By continually providing Chinese authorities with requested information, Yahoo!, Inc.’s involvement in China has led to the imprisonment of several Chinese democratic reform supporters over the years. Wang Xiaoning, a citizen and resident of China, experienced this state of affairs first hand when the Chinese government sentenced him to ten years in prison and two additional years of removed political rights after he had published and circulated articles online supporting democratic reform in China and conversed with a “hostile” overseas organization. Xiaoning’s case against Yahoo!, Inc. made national headlines and the following Note, featured in the Vanderbilt Journal of Entertainment and Technology Law’s Fall 2008 issue (Vol. 11 No. 1) addresses the implications of this important decision. The abstract of the Note follows.

U.S.-based Internet Service Providers (ISPs) are faced with a dilemma when operating in countries with restrictive Internet speech laws: should they comply with these governments’ demands for personally identifying information of Internet dissidents or respect their own country’s dedication to free speech and refuse to comply? On behalf of Chinese dissidents who were imprisoned for violating Chinese speech laws, human rights advocates have invoked the Alien Tort Statute (ATS) in an attempt to hold ISPs accountable for their acquiescence with the Chinese government’s demands. This Note examines one such case, Xioning v. Yahoo! Inc., and ultimately concludes that, while the issues presented in the suit are important, the ATS is not the proper vehicle through which to address them.

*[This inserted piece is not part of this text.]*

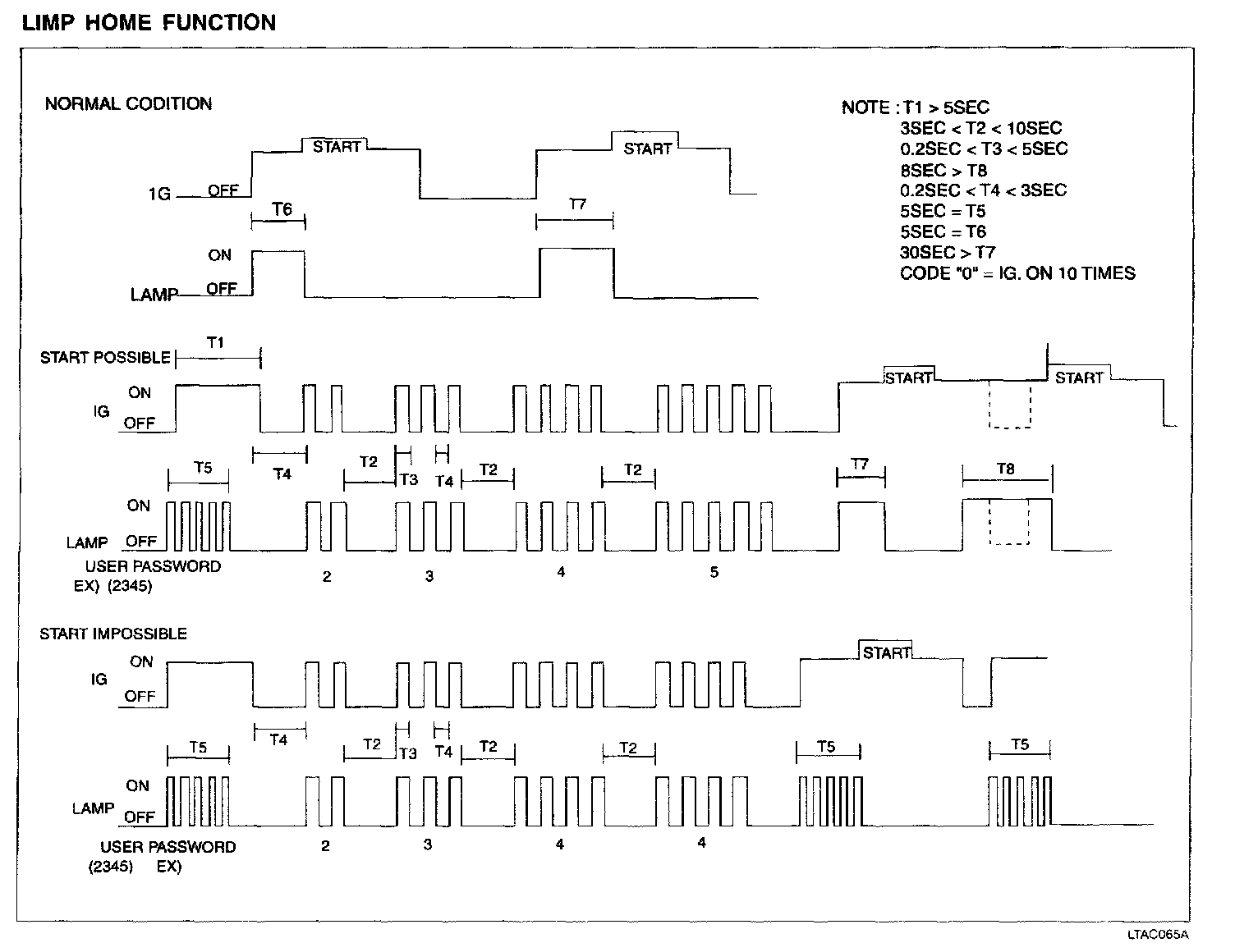 The "limp home" mode can also be activated using the ignition key. The user password can be input to the ECM by using a special ignition sequence (ON/OFF).

The ATS, adopted in 1789, gives U.S. district courts original jurisdiction over civil actions by aliens for torts committed in violation of the law of nations or a treaty of the United States. In the Supreme Court’s latest holding on the ATS, Sosa v. Alvarez, the Court set a high bar regarding what constitutes a violation of the law of nations, demanding specificity and acceptance by the civilized world. Moreover, the Court encouraged judicial restraint in recognizing new international violations due to the potential implications for the foreign relations of the United States, a lack of clear legislative guidelines, and other considerations. After Sosa, it is uncertain whether China’s free speech restrictions and prolonged imprisonment would constitute violations of international norms with the degree of consensus required by the Sosa court, but the lack of certainty, along with the Court’s emphasis on judicial restraint, would weigh in favor of courts not recognizing such a cause of action. Additionally, it is uncertain whether there is aiding and abetting liability under the ATS, and even if there is, whether complying ISPs would be liable under modern aiding and abetting standards.

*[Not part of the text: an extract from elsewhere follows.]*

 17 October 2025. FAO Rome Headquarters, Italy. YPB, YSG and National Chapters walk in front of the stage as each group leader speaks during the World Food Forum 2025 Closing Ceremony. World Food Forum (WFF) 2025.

Ultimately, courts should not become clogged with litigation regarding the application of an inapplicable statute. Rather, Congress should model its response after legislation that successfully addresses the issue, such as aspects of the Global Online Freedom Act, and the Global Compact, and collaborate with other countries and organizations to adequately address the problems presented in suits like Xiaoning’s that are likely to arise in the future.